What is required:
Only the lines below starting at the one that contains "ฟรีสื่อการเรียนการสอน บัตรคำสัตว์ทะเล Sea" and ending at the one that contains "- End-of-bed drawer" are to be reproduced, exactly and with both ends kept.

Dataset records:

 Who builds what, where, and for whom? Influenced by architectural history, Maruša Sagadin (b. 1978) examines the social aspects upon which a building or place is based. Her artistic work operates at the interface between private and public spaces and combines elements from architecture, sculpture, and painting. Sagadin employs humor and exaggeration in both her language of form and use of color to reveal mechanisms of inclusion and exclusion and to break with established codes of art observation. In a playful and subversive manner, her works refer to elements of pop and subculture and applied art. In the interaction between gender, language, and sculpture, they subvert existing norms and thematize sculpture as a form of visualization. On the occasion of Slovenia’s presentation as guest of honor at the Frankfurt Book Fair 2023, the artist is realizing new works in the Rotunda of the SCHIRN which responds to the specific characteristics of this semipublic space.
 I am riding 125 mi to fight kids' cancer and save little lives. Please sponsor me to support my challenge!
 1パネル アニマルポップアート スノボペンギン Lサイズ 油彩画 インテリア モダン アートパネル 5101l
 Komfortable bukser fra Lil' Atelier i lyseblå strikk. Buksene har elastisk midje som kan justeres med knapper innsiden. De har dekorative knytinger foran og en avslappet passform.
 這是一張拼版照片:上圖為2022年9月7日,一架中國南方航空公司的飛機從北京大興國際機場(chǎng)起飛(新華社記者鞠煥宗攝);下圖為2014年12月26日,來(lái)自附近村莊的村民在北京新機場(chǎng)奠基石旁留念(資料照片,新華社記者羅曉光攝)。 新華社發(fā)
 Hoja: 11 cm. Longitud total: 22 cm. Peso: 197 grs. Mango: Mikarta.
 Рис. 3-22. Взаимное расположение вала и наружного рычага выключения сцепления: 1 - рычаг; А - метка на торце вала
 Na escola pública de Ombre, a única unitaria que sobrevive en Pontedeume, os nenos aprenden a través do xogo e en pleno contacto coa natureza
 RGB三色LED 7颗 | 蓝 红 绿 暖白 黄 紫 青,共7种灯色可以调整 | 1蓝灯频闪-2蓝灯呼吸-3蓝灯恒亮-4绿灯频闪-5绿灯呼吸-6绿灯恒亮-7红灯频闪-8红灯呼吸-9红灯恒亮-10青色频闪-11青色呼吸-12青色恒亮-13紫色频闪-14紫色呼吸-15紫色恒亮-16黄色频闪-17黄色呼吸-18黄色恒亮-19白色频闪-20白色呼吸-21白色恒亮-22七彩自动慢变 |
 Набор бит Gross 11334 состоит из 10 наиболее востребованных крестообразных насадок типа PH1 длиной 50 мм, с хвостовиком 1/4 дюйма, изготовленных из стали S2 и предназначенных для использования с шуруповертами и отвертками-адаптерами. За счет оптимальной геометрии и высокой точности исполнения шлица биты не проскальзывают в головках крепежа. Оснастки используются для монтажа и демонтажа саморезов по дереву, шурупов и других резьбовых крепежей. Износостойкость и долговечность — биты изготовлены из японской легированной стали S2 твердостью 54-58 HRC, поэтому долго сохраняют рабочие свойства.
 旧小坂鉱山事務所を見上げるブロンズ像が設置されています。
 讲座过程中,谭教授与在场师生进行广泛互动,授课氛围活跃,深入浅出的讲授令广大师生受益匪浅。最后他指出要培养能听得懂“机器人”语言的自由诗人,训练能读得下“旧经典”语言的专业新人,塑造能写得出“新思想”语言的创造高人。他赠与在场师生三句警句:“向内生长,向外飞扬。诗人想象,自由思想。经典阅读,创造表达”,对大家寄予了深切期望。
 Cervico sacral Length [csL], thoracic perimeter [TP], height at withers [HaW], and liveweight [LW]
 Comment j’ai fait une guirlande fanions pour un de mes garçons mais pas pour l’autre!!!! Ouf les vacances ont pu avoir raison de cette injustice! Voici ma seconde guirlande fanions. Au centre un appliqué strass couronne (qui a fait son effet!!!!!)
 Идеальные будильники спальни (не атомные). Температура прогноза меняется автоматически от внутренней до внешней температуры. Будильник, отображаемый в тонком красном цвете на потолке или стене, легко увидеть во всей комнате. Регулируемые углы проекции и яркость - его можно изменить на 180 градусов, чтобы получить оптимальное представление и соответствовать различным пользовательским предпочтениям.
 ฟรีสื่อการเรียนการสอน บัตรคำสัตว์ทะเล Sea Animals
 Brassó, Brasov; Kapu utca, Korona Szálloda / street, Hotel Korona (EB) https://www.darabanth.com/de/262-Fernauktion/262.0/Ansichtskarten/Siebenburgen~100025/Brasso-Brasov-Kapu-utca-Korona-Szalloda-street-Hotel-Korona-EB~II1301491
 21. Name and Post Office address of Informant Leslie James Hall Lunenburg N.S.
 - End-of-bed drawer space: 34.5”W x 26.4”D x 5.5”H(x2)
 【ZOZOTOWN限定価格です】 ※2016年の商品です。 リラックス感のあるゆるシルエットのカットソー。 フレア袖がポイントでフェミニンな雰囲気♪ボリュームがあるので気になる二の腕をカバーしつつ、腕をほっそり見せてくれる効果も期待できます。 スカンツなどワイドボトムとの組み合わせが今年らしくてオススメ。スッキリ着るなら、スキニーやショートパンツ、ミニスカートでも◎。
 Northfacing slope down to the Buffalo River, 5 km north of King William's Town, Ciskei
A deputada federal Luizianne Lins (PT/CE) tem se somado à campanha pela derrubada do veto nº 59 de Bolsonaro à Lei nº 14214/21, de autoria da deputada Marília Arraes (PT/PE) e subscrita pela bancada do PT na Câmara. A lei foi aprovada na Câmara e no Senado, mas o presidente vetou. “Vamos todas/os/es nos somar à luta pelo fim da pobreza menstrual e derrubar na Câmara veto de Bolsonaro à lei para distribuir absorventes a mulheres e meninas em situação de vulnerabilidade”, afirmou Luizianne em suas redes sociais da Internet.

Solution below:
 ฟรีสื่อการเรียนการสอน บัตรคำสัตว์ทะเล Sea Animals
 Brassó, Brasov; Kapu utca, Korona Szálloda / street, Hotel Korona (EB) https://www.darabanth.com/de/262-Fernauktion/262.0/Ansichtskarten/Siebenburgen~100025/Brasso-Brasov-Kapu-utca-Korona-Szalloda-street-Hotel-Korona-EB~II1301491
 21. Name and Post Office address of Informant Leslie James Hall Lunenburg N.S.
 - End-of-bed drawer space: 34.5”W x 26.4”D x 5.5”H(x2)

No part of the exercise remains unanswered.